Leyendo anoche al jesuita Acosta, que, como ustedes saben, escribió largo y menudo sobre los sucesos de la conquista, tropecé con una historia, y díjeme: «Ya pareció aquello -o lo que es lo mismo, aunque no lo diga el padre Acosta-: cata el origen de la frasecilla en cuestión, para la cual voy a reclamar ante la Real Academia de la Lengua los honores de peruanismo».
Y esto dicho, basta de circunloquio y vamos a lo principal.
Creo haber contado antes de ahora, y por si lo dejé en el tintero aquí lo estampo, que cuando los conquistadores se apoderaron del Perú no eran en él conocidos el trigo, el arroz, la cebada, la caña de azúcar, lechuga, rábanos, coles, espárragos, ajos, cebollas, berenjenas, hierbabuena, garbanzos, lentejas, habas, mostaza, anís, alhucema, cominos, orégano, ajonjolí, ni otros productos de la tierra, que sería largo enumerar. En cuanto al frísol o fréjol lo teníamos en casa, así como otras variadas producciones y frutas por las que los españoles se chupaban los dedos de gusto.
Algunas de las nuevas semillas dieron en el Perú más abundante y mejor fruto que en España; y con gran seriedad y aplomo cuentan varios muy respetables cronistas e historiadores que en el valle de Azapa, jurisdicción de Arica, se produjo un rábano tan colosal, que no alcanzaba un hombre a rodearlo con los brazos, y que don García Hurtado de Mendoza, que por entonces no era aún virrey del Perú, sino gobernador de Chile, se quedó extático y con un palmo de boca abierta mirando tal maravilla. ¡Digo, si el rabanito sería pigricia!
Era don Antonio Solar por los años de 1558 uno de los vecinos más acomodados de esta ciudad de los reyes. Aunque no estuvo entre los compañeros de Pizarro en Cajamarca, llegó a tiempo para que en la repartición de la conquista le tocase una buena partija. Consistió ella en un espacioso lote para fabricar su casa en Lima, en doscientas fanegadas de feraz terreno en los valles de Supe y Barranca, y en cincuenta mitayos o indios para su servicio.
Para nuestros abuelos tenía valor de aforismo o de artículo constitucional este refranejo: «Casa en la que vivas, viña de la que bebas y tierras cuantas veas y puedas».
Don Antonio formó en Barranca una valiosa hacienda, y para dar impulso al trabajo mandó traer de España dos yuntas de bueyes, acto a que en aquellos tiempos daban los agricultores la misma importancia que en nuestros días a las maquinarias por vapor que hacen venir de Londres o de Nueva York. «Iban los indios (dice un cronista) a verlos arar, asombrados de una cosa para ellos tan monstruosa, y decían que los españoles, de haraganes, por no trabajar, empleaban aquellos grandes animales».

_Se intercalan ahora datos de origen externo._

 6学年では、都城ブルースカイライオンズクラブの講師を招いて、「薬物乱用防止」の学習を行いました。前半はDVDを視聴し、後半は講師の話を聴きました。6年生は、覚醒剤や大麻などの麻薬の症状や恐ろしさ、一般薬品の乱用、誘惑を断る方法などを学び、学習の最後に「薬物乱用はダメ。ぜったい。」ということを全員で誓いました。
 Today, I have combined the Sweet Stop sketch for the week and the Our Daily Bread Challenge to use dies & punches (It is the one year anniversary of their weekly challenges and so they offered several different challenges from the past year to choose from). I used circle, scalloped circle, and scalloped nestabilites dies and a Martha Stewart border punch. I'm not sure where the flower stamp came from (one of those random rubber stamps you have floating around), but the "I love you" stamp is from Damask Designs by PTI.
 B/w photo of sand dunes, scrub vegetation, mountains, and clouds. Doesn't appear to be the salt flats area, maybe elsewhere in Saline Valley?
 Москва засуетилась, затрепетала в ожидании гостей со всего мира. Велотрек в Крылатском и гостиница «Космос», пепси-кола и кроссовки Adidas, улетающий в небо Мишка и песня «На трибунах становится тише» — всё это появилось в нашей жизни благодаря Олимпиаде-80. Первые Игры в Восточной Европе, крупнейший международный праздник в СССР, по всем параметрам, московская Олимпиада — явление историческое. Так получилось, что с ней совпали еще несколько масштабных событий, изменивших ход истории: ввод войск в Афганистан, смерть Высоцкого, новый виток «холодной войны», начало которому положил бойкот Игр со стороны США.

Fue don Antonio Solar aquel rico encomendero a quien quiso hacer ahorcar el virrey Blasco Núñez de Vela, atribuyéndole ser autor de un pasquín, en que aludiéndose a la misión reformadora que su excelencia traía, se escribió sobre la pared del tambo de Barranca: Al que me echare de mi casa y hacienda, yo lo echaré del mundo.

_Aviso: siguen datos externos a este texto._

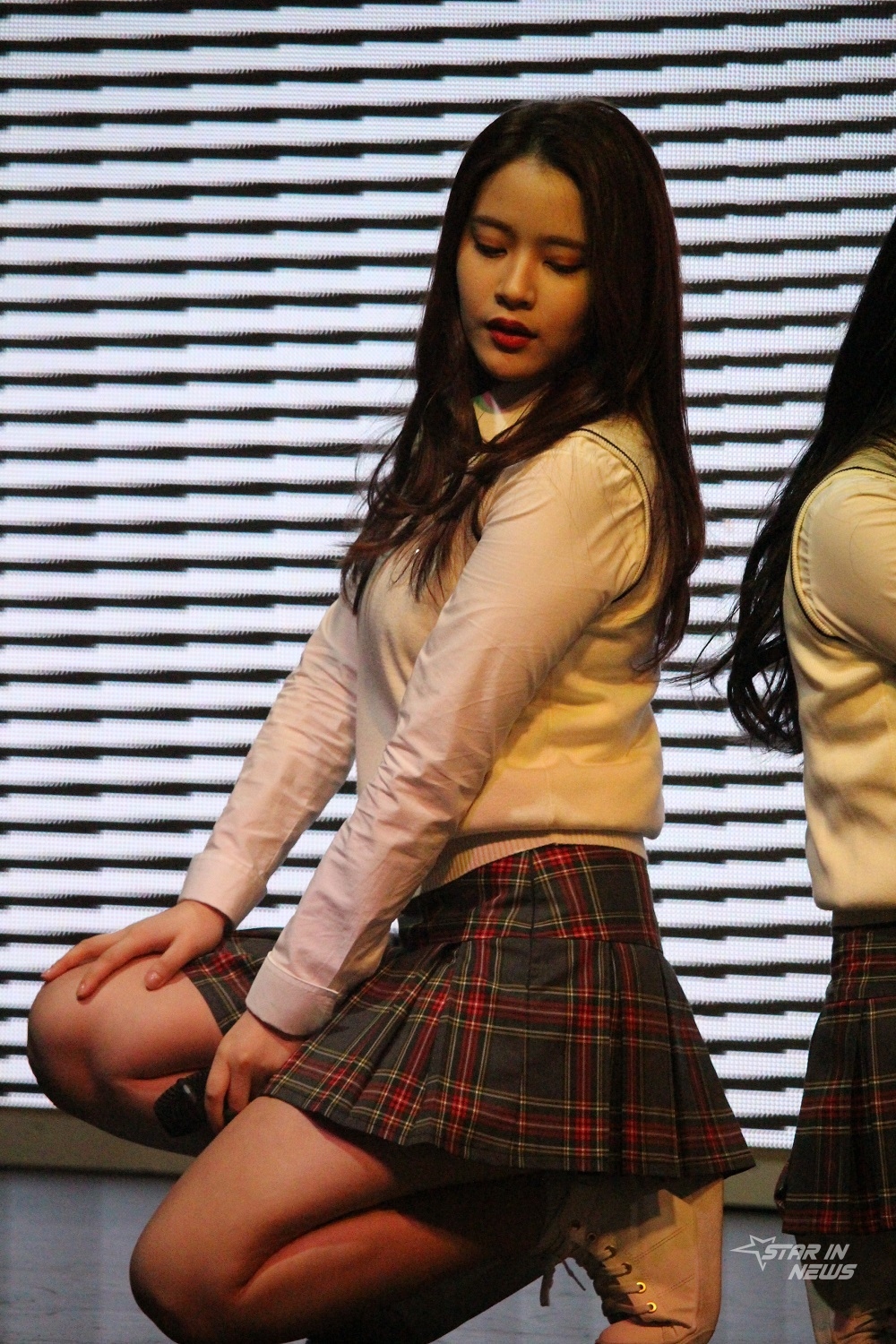 쇼케이스에 참석한 멤버 슬비가 포토 타임을 갖고 포즈를 취하고 있다.

Y pues he empleado la voz encomendero, no estará fuera de lugar que consigne el origen de ella. En los títulos o documentos en que a cada conquistador se asignaban terrenos, poníase la siguiente cláusula: «Ítem, se os encomiendan (aquí el número) indios para que los doctrinéis en las cosas de nuestra santa fe».